Task prompt: From the entries underneath, give the number of lines holding the word "This", without any other words.

Material to process:
----------
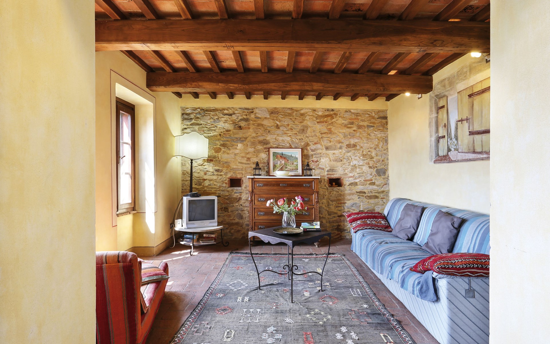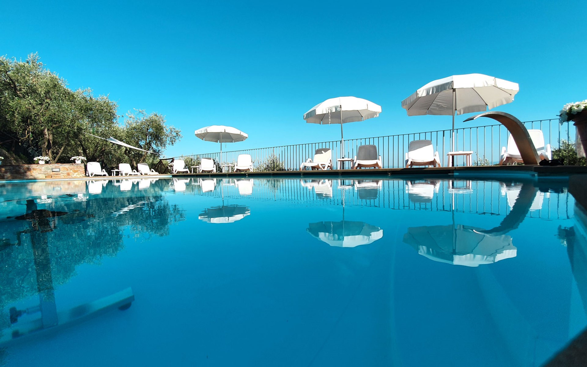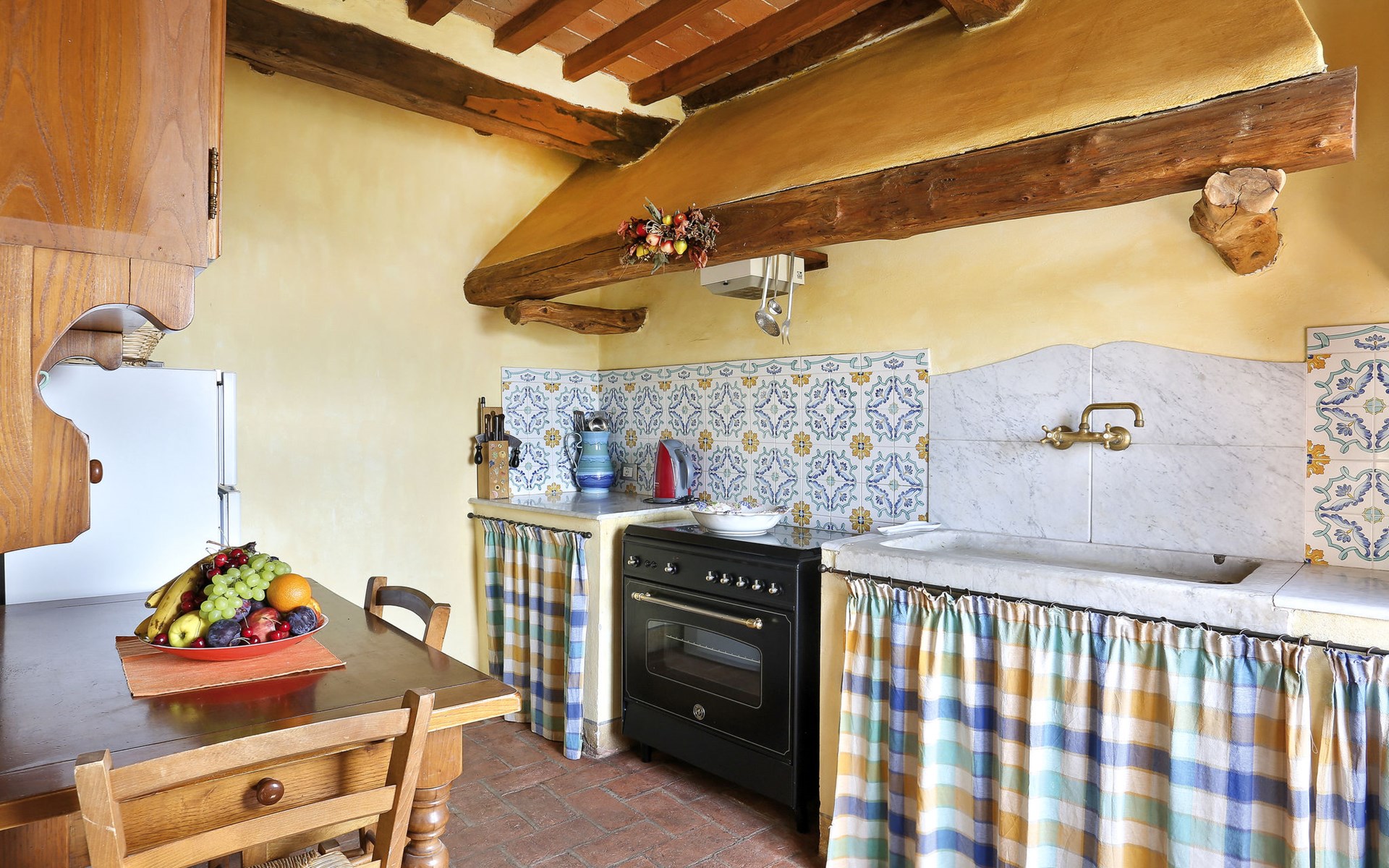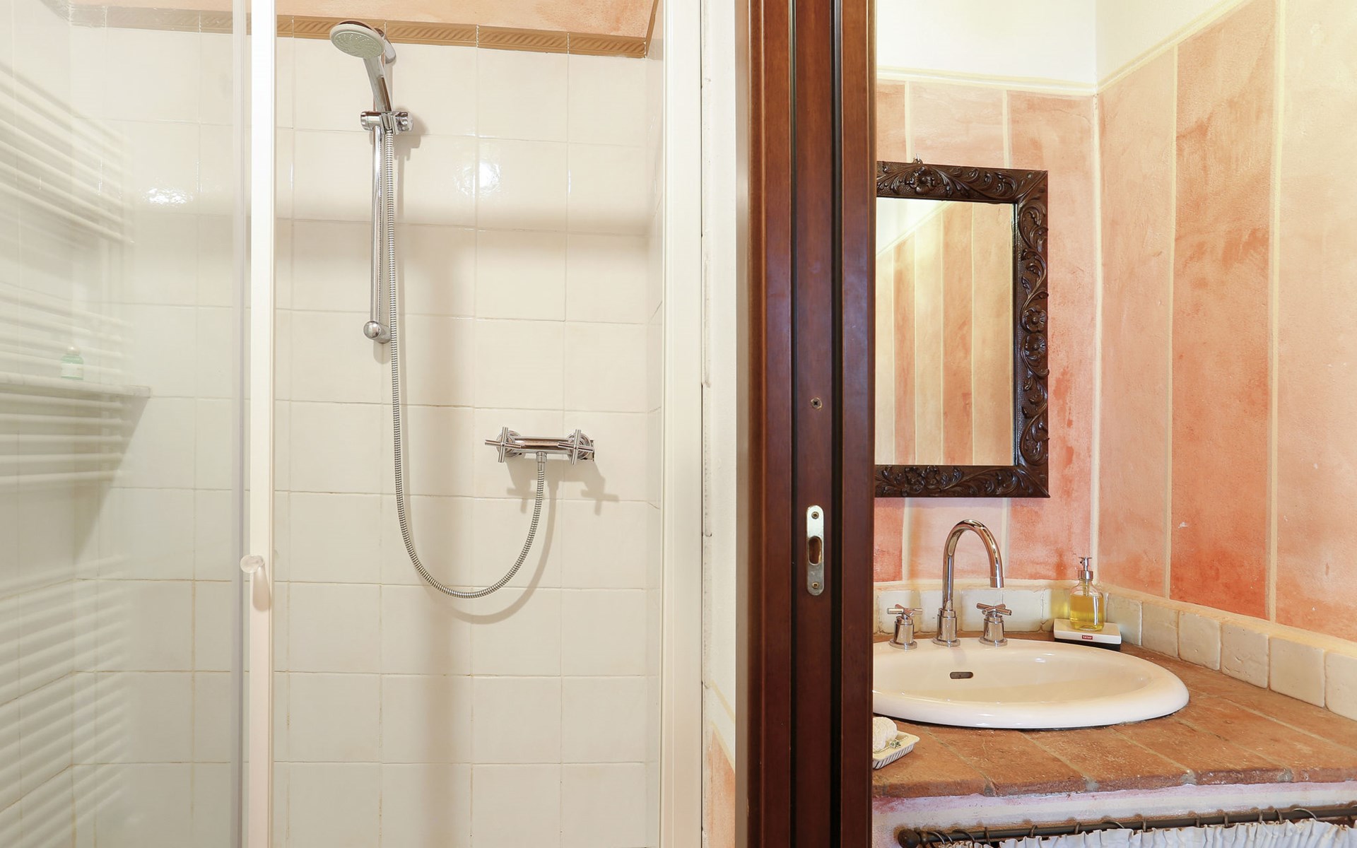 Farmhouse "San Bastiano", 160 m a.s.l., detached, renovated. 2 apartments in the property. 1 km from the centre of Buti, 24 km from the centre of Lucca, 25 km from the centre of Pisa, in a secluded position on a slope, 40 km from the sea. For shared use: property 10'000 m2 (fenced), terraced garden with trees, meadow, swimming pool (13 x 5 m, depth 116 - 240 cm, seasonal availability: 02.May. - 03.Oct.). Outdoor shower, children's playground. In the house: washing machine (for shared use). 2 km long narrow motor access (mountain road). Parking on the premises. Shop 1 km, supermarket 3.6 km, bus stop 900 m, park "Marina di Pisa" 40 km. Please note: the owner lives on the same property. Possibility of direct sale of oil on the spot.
----------
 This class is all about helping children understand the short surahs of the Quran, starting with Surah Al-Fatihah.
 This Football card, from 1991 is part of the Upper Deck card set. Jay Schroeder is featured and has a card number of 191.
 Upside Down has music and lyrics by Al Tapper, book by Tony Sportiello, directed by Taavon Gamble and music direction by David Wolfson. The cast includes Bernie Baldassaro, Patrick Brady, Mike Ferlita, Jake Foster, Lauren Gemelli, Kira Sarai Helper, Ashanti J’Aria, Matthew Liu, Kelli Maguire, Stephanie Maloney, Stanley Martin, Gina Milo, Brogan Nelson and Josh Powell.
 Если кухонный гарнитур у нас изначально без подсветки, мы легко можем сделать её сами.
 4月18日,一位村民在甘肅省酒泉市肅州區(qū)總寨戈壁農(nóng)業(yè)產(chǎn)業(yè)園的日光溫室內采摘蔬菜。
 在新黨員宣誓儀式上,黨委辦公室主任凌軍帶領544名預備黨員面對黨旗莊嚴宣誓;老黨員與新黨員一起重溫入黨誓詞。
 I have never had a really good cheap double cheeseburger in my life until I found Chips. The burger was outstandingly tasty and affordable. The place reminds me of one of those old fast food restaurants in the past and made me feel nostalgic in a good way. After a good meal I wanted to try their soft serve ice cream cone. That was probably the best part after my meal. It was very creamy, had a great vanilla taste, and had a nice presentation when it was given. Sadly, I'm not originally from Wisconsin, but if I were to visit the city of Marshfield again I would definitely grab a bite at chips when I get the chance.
----------
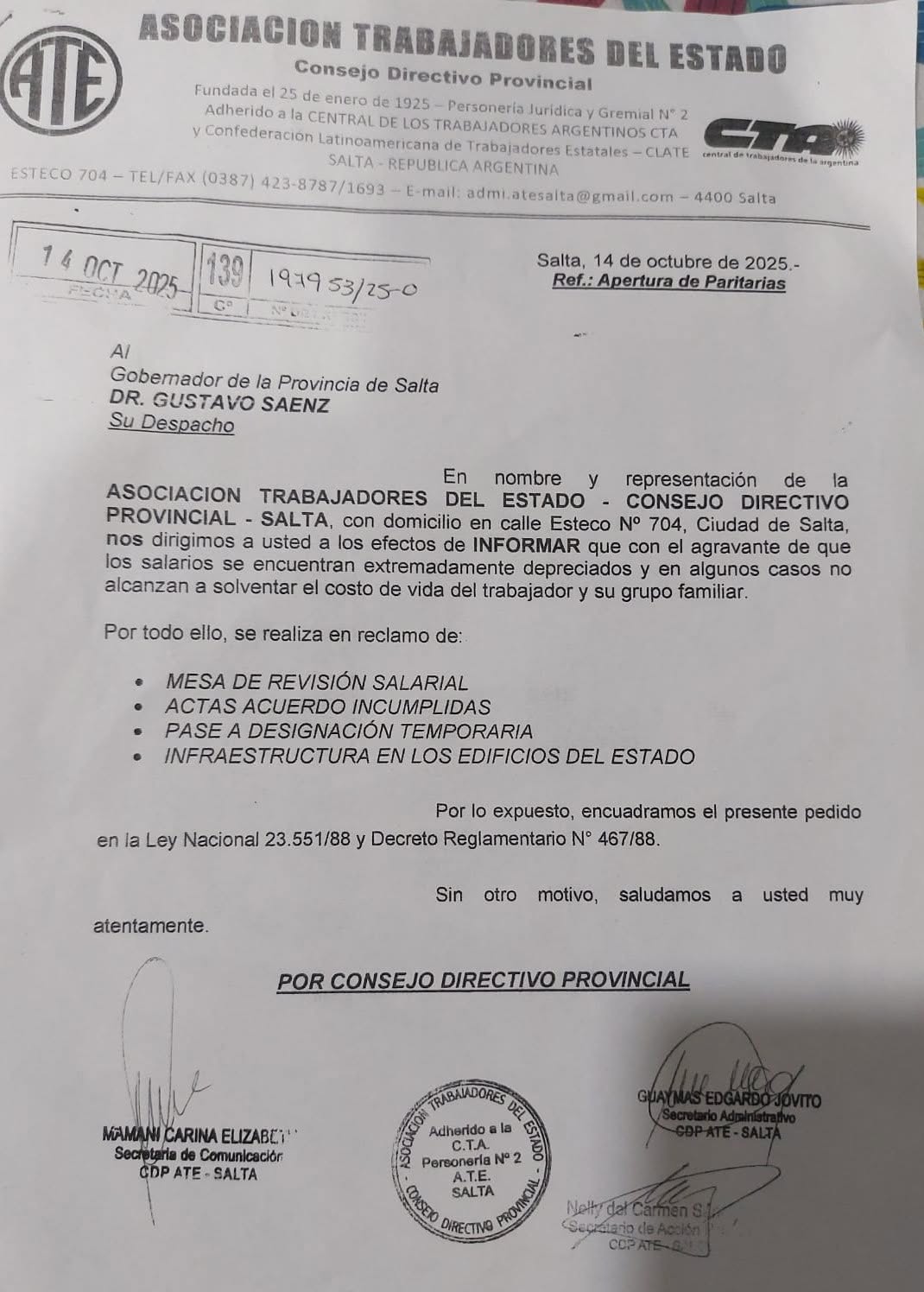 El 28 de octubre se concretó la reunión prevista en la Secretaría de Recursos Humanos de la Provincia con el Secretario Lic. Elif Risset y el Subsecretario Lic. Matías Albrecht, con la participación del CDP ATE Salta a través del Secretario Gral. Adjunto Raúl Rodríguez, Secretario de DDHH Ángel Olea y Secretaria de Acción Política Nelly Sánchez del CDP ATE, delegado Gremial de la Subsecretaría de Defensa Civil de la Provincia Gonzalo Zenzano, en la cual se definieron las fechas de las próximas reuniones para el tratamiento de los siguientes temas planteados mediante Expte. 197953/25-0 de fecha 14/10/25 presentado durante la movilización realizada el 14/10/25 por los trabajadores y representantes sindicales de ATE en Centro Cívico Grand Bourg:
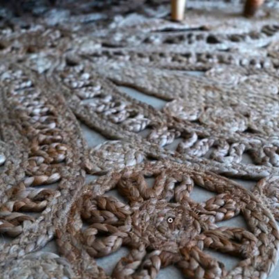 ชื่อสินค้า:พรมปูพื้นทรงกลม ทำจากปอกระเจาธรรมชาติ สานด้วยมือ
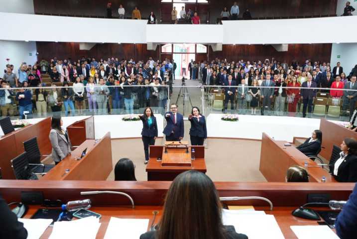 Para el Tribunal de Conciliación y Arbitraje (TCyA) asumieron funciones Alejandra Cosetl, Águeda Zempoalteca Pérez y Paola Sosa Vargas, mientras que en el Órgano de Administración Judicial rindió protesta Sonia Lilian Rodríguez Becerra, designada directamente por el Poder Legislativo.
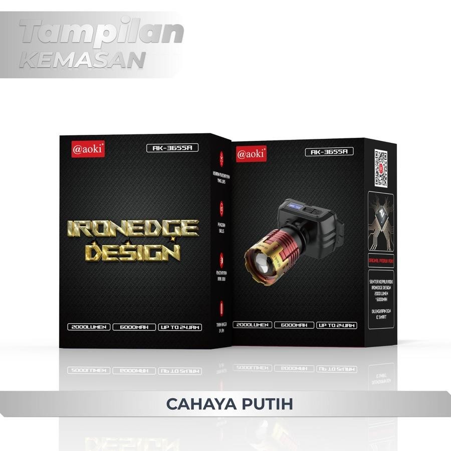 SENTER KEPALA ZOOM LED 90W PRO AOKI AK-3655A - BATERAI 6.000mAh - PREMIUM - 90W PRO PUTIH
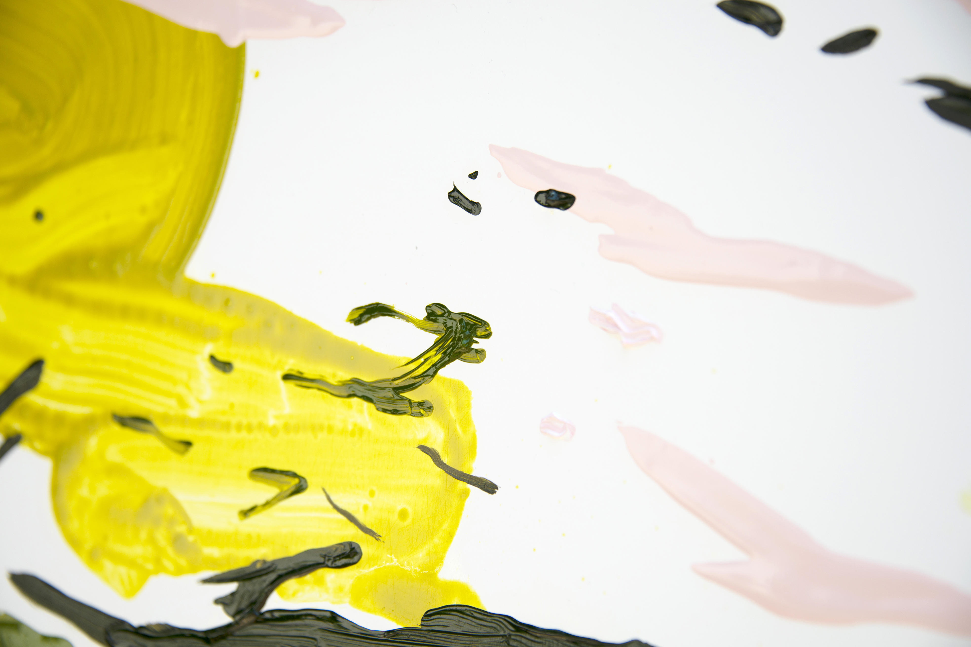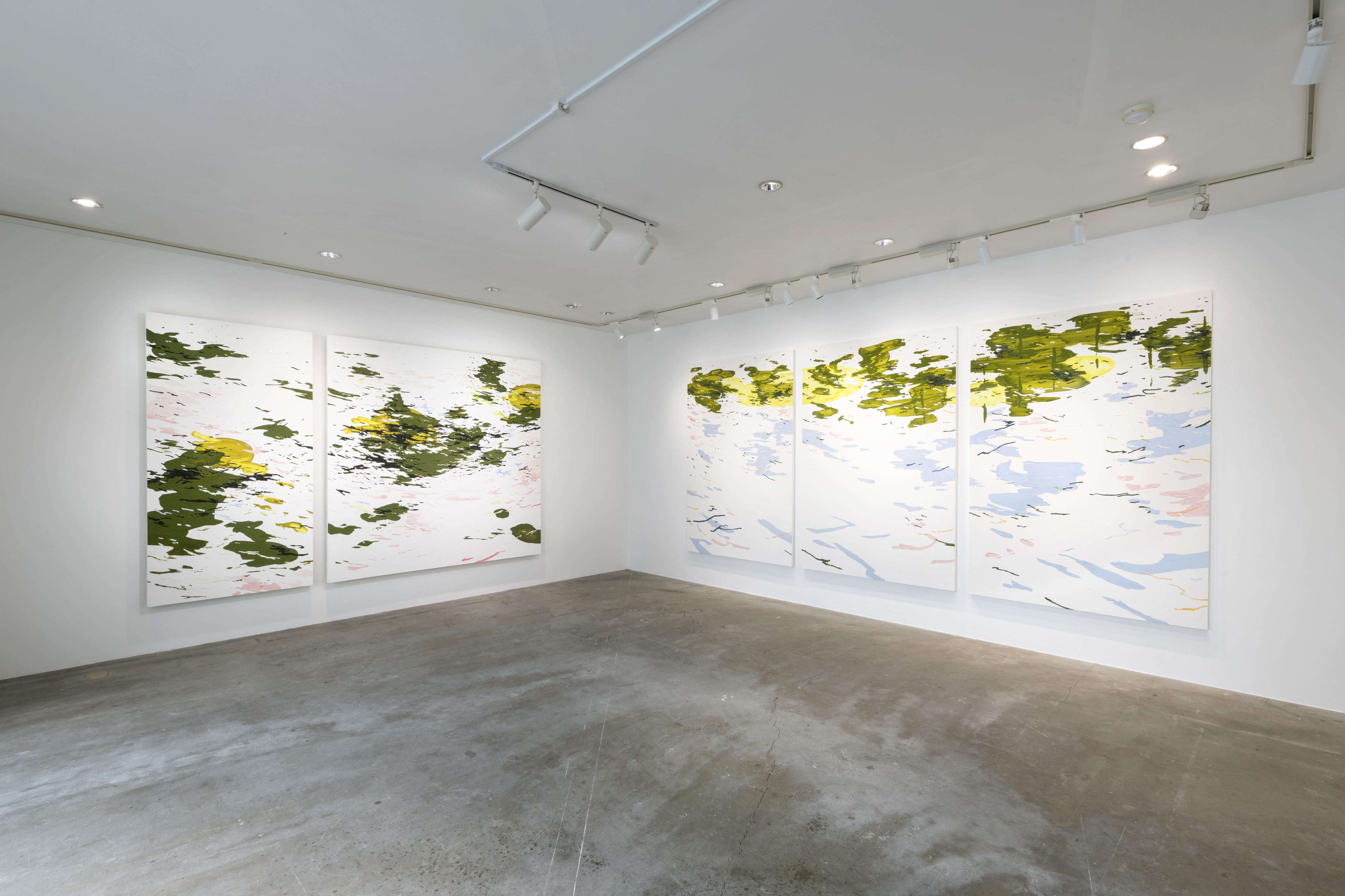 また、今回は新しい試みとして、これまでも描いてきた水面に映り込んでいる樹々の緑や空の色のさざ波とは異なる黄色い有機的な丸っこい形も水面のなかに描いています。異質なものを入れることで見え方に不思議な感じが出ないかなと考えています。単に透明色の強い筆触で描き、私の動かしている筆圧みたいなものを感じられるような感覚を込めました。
----------
Answer: 2